# High Quality 150 Count Humidor?



## DesertRat (Oct 20, 2013)

Looking to upgrade from my 50 count to a 150 count humidor and I'm looking in the sub-$200 price range. I've been using tupperware for my spillover but would like a nice humidor so I can have all my sticks in one place. Any recommendations on the highest quality humidor in this range? Keeping my cigars at a steady humidity is probably my most important attribute.

Thanks!

-Paul


----------



## C.Scott (Mar 28, 2014)

The Treasure Chest humidor you can find on many websites gets great reviews. I have a Versailles 300-count that I really like. Both are around $175. I also have a 150-count humidor, but I don't recommend that size if you are actually planning to store over 100 cigars. I have exactly 101 cigars in mine, and it is PACKED.


----------



## DooDude (Nov 22, 2013)

If you never plan to accumulate a more cigars. ( HA HA HA ) Then the 150 will work.

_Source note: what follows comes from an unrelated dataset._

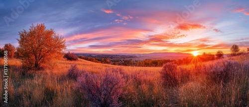 Fototapeta premium A serene landscape with the sun setting behind a field of tall grass, perfect for use in travel or nature-inspired designs

I would do a medium size coolidor to start. If you never fill it then go ahead with the 150.

We all know you will most likely outgrow the 150 very soon and resort to the other options as we have. Lol. 

Good Luck.


----------



## Ricardo- (Feb 26, 2014)

Google The ravello humidor. Listed for 300 cigars and believe me you'll need more than 150.... Mine has a great seal and you can have it for $110ish. I know Tampa Humidor offers free shipping.


----------



## Fuzzy (Jun 19, 2011)

No matter what you decide to purchase, make sure of the return policy. Insure that you will have time to season the humidor to see if all is well.


----------



## DesertRat (Oct 20, 2013)

Thanks Guys!

Perfect advice! I'll let you know what I go with. I just need to determine if the wife will think a 300 count is obtrusive.:jaw:


----------



## C.Scott (Mar 28, 2014)

Easy, just tell her you want to convert her closet to a walk-in humidor. When she inevitably slaps you, say that you would "settle" for just a 300-count desktop humidor.


----------



## MDSPHOTO (Sep 10, 2013)

Unfortunately 150 count, hight quality and under $200 rarely go together. If you want to actually store 150 cigars you really need at least a 200-300 count humidor and most of those under 2 bills would not be considered quality units. I have a Salvador 250 count that may hold 165 sticks and was under $200, but it would never be confused as a quality unit. If, as you say, steady humidity is the most important attribute you should consider a coolidor. You can get a full set-up with shelves and kitty litter at Wally world for less than $100 and have room for several hundred sticks and full boxes.


----------



## DesertRat (Oct 20, 2013)

MDSPHOTO said:


> Unfortunately 150 count, hight quality and under $200 rarely go together. If you want to actually store 150 cigars you really need at least a 200-300 count humidor and most of those under 2 bills would not be considered quality units. I have a Salvador 250 count that may hold 165 sticks and was under $200, but it would never be confused as a quality unit. If, as you say, steady humidity is the most important attribute you should consider a coolidor. You can get a full set-up with shelves and kitty litter at Wally world for less than $100 and have room for several hundred sticks and full boxes.


Good point!


----------



## Indy-hp (Feb 22, 2014)

I outgrew the 50-count that I had gotten when I started smoking cigars and got a Bourbon Street 125 from Thompson's for $99. It is a very nice budget humi. 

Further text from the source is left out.